Some proto-actions, like releasing a chemical that may attract food, or moving randomly, may on average improve one’s changes of survival regardless of the state of the environment.  The success of other proto-actions is contingent on the state of the environment.  Swimming in a straight line is helpful only if the direction of motion is along an increasing gradient of food.  (Of course, it may be helpful in other instances as well.)  A proto-action may be more successful if its performance can be made contingent on the state of the environment in a way that the proto-action is effective in that state.  In other words, an autonomous system may be more successful in changing its environment beneficially if the environment itself plays a control role for its proto-actions.  It is, thus, useful to also isolate interaction between the autonomous system and the environment whose effect is internal to the systems, and than to consider those such interactions that play a control role for proto-actions.  I will call such interactions, proto-percepts.
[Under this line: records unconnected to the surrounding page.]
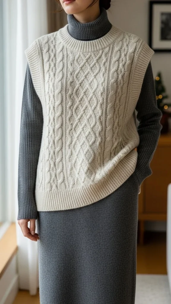 2. Chunky Sweater Vest With a Turtleneck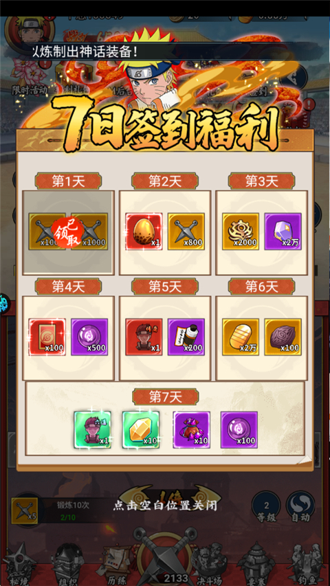 3.福利连击:登录奖励持续轰炸,次日送红色异兽,第五天和第七天分别赠送传说乃至传奇忍者,养成之路畅通无阻。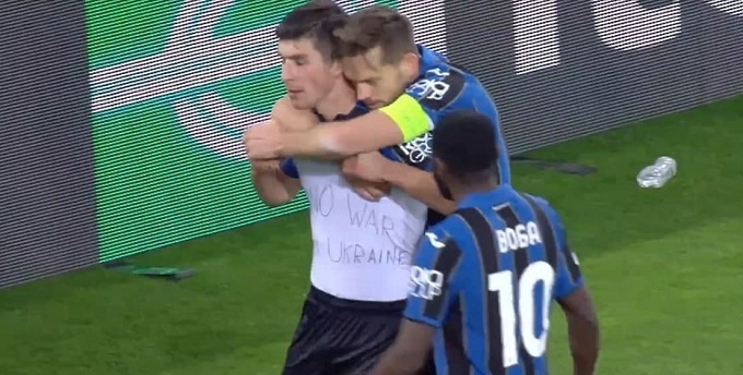После первого гола Малиновский поднял игровую майку и показал футболку с надписью «No war in Ukraine» (Нет войне в Украине):

How do proto-percepts, as modes of interaction, differ from mere dynamical interactions of the system with the environment?  Both a photon reaching a photo cell, and a bullet entering the skull are interactions whose effects are internal.  However, the photon is such that it affects the system by changing its dispositional characteristics in a subtle way, so that the system can engage in a particular proto-action as a result.  The bullet, which also changes the dispositional characteristics, does so in an indiscriminate way, causing arbitrary change in the system’s behavior.  The difference is that between control and mere effect.  The difference does not lie in the interaction itself but in the internal organization of the system and its dispositional characteristic with respect to the interaction — the disposition to change the system’s dispositions; a kind of second order disposition.  The photon can have a control function because the internal organization of the system is such that it is sensitive in very particular ways to the reception of the photon, and differences made by the photon are propagated to immediate (or future) differences in the proto-actions of the system.  If the system is organized in such a way that an incoming bullet can produce a subtly sensitive change in the system, the bullet can be regarded as having a control role.  This being said, like in the case of proto-actions, the difference is not always sharp, but it is sufficiently sharp in many cases.  The vagueness does not come from our inability to sharpen the difference theoretically, but from the gradual nature of the kinds of internal organizations that can exist in a system.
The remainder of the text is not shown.